## [TASK STATEMENT]
Write the lines out again, from the top of the material to the line containing "Μπαχαρικά: Για να", pictures excluded.

## [DATASET SECTION]

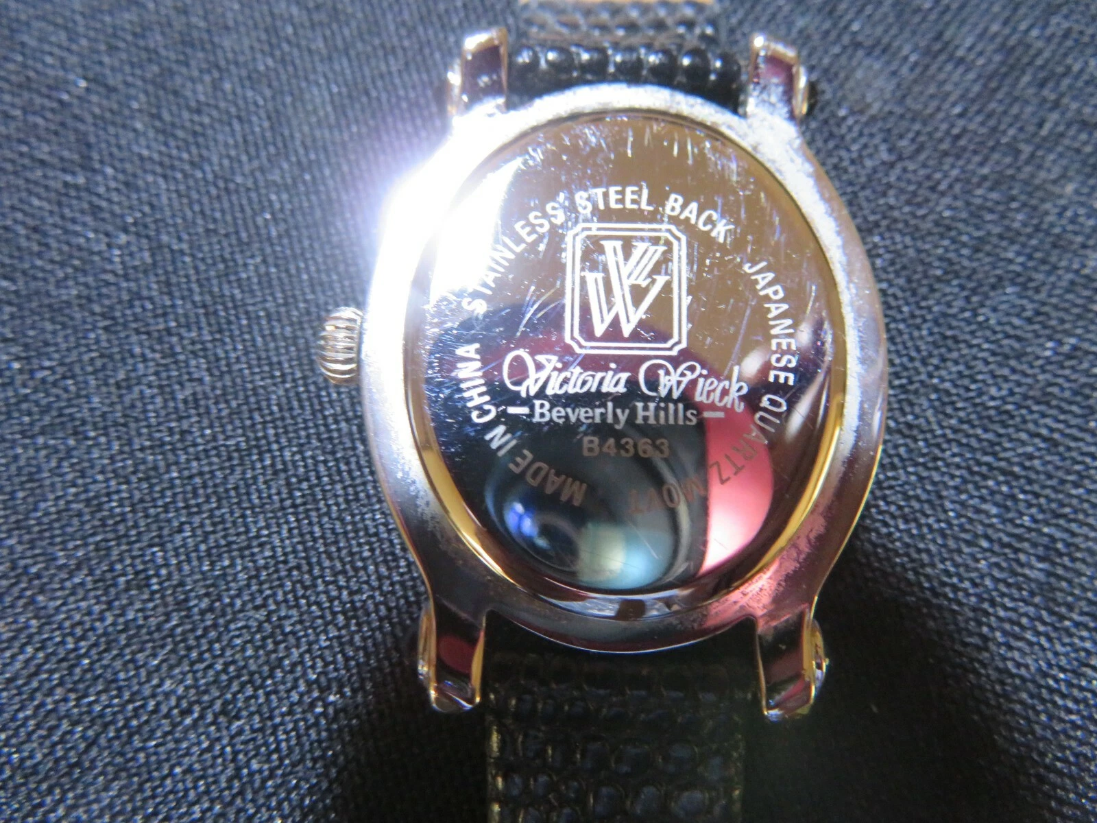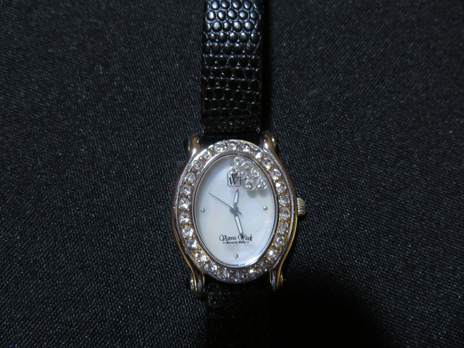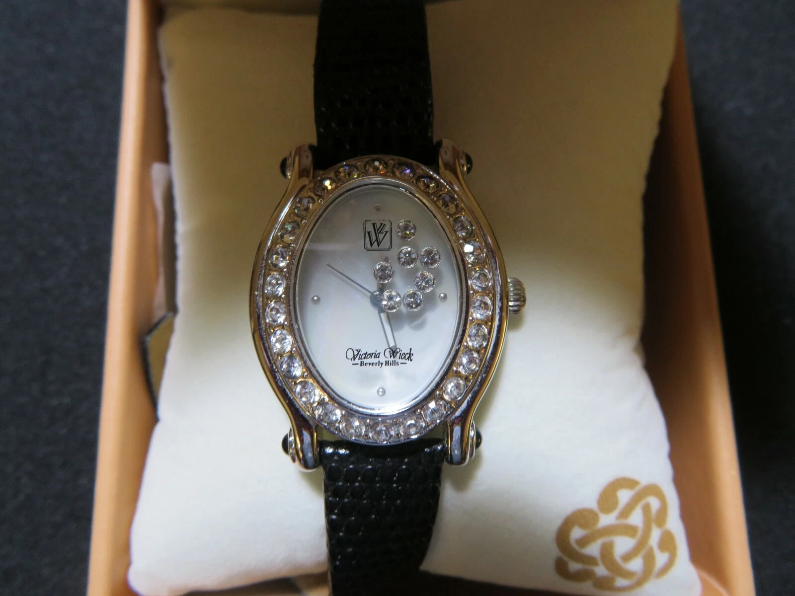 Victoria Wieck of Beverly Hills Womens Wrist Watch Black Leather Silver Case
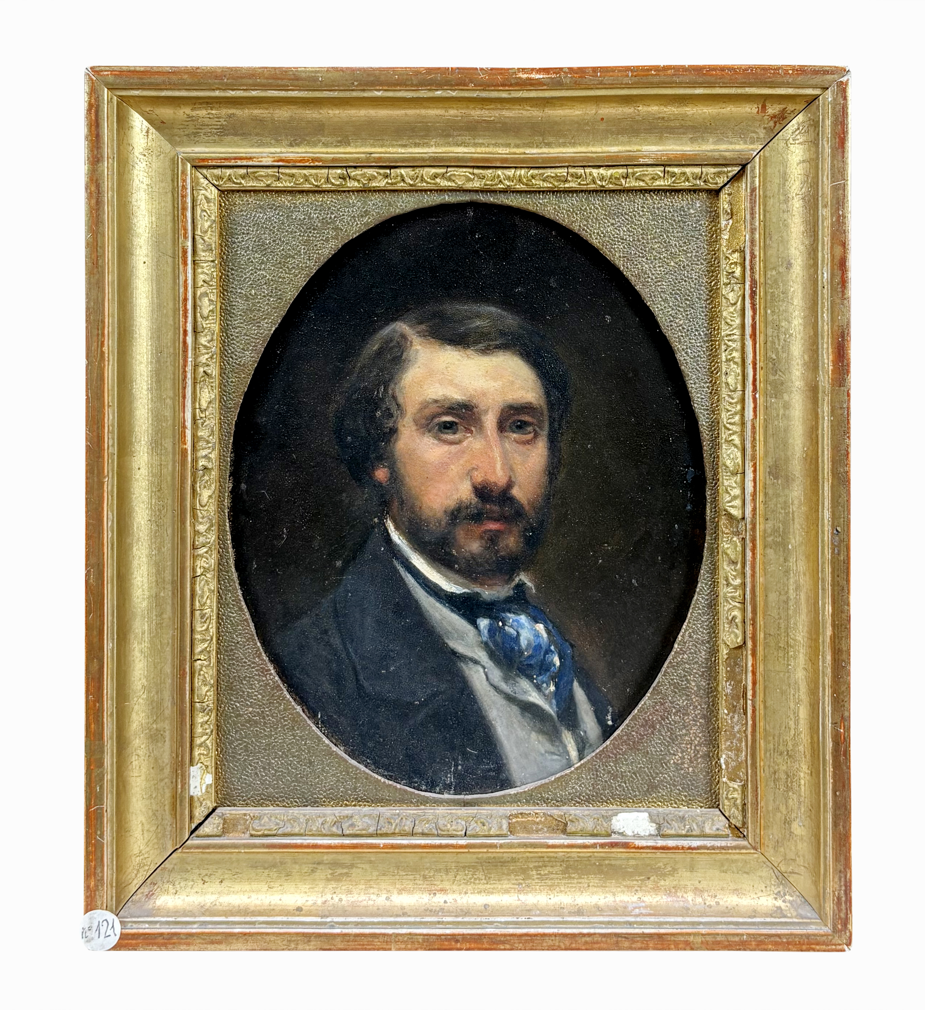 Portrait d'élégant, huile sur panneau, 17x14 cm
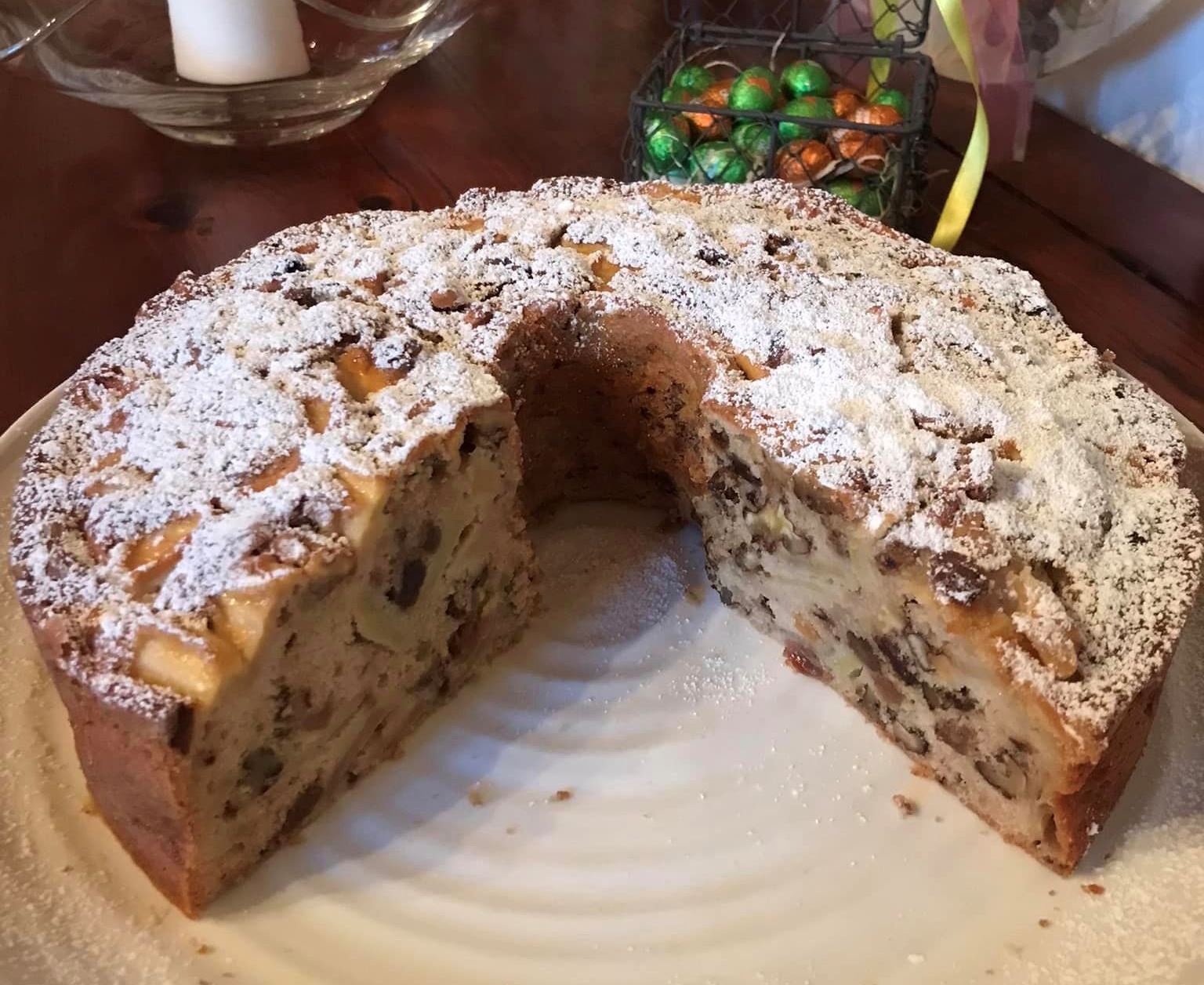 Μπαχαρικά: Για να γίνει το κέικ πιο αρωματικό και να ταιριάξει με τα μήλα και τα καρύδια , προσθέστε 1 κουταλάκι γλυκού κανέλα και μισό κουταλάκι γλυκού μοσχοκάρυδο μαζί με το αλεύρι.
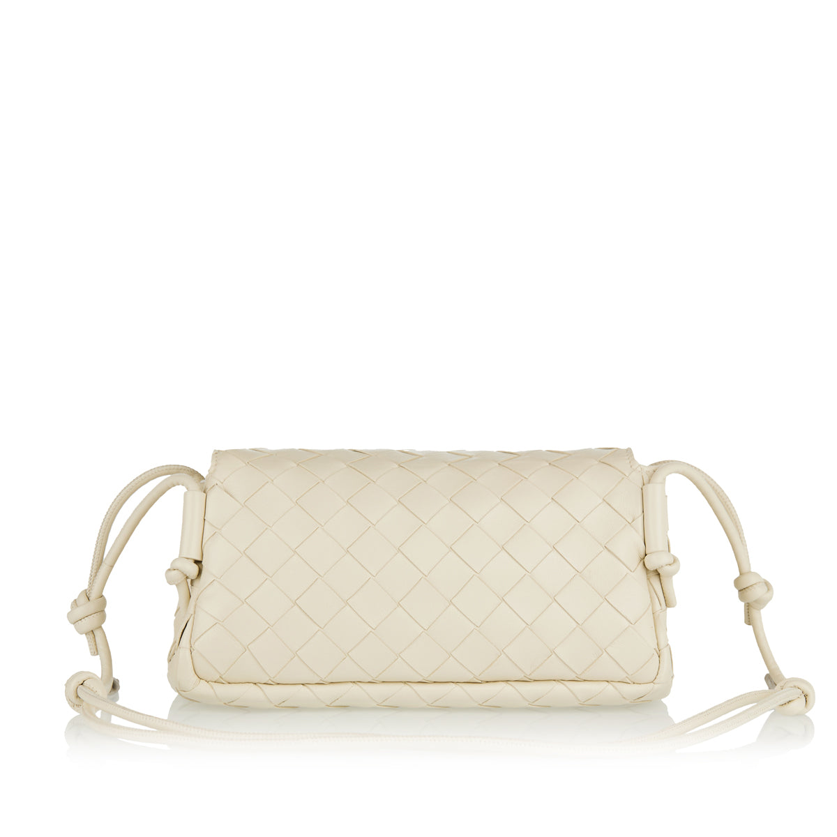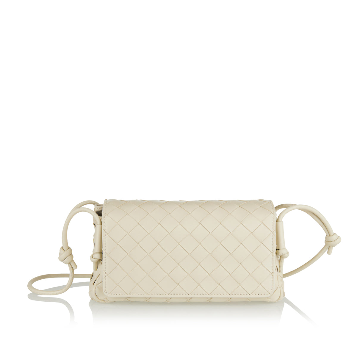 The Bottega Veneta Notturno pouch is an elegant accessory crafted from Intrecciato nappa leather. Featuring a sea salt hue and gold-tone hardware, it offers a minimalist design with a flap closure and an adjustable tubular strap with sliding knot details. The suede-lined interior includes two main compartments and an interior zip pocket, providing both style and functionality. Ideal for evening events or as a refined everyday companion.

## [TASK RESULT]
 Victoria Wieck of Beverly Hills Womens Wrist Watch Black Leather Silver Case
 Portrait d'élégant, huile sur panneau, 17x14 cm
 Μπαχαρικά: Για να γίνει το κέικ πιο αρωματικό και να ταιριάξει με τα μήλα και τα καρύδια , προσθέστε 1 κουταλάκι γλυκού κανέλα και μισό κουταλάκι γλυκού μοσχοκάρυδο μαζί με το αλεύρι.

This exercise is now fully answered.